In 2018, the state Supreme Court quietly made a decision that could affect tens of thousands of people who own property on flowages in Wisconsin.
The decision could stop many of them from putting in piers or even accessing the water, but an advocacy group wants a new law to change that.
Two years ago, the Wisconsin Supreme Court ruled in favor of a Price County man.
It said he could block his neighbor, who happened to be his sister, from putting in a pier, since he owned the ground underneath the flowage in front of the sister’s property.
The court’s decision surprised Tom Larson, the Senior Vice President of Legal and Public Affairs at the Wisconsin Realtors Association.
“The Supreme Court…overturned 140 years of case law, which had said that if you are a riparian owner, meaning you own waterfront property, you are presumed to have what’s called riparian rights, which is the right to be able to access the water and to be able to place a pier that touches on the bed of a waterway,” Larson said.
The Supreme Court’s decision threw into question the rights of waterfront property owners on Wisconsin’s 260-plus flowages.
“As a result, we have thousands of waterfront property owners that have had piers that now are prohibited from keeping those piers in the flowages,” Larson said.

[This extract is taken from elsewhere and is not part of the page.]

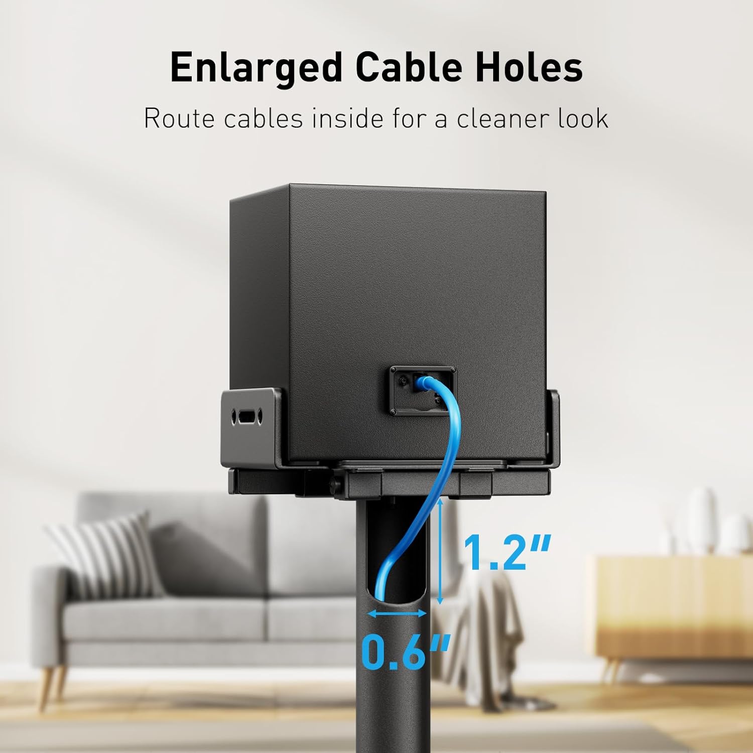 【HIDE WIRES & EASILY INSTALLATION】 The PSSS2 smart speaker stands come with a large hole (1.18″H x 0.59″W) to manage your cables for a clean and tidy appearance. You can easily pan the top plate 180 degrees from 5.91 to 11.22 inches to fit your various speakers of different sizes.

Now, the Realtors Association is strongly supporting a bill that would reverse court action.
It would ensure waterfront property owners always have the right to access the water and put in piers, no matter who owns the flowage bed underneath.
“We wanted to make the rights of all waterfront property owners, including those that have property adjacent to a flowage, protected in the statutes,” Larson said.
The bill is up for a public hearing on Thursday.
Its supporters include senators from Janet Bewley (D-Delta) on the left to Tom Tiffany (R-Minocqua) on the right.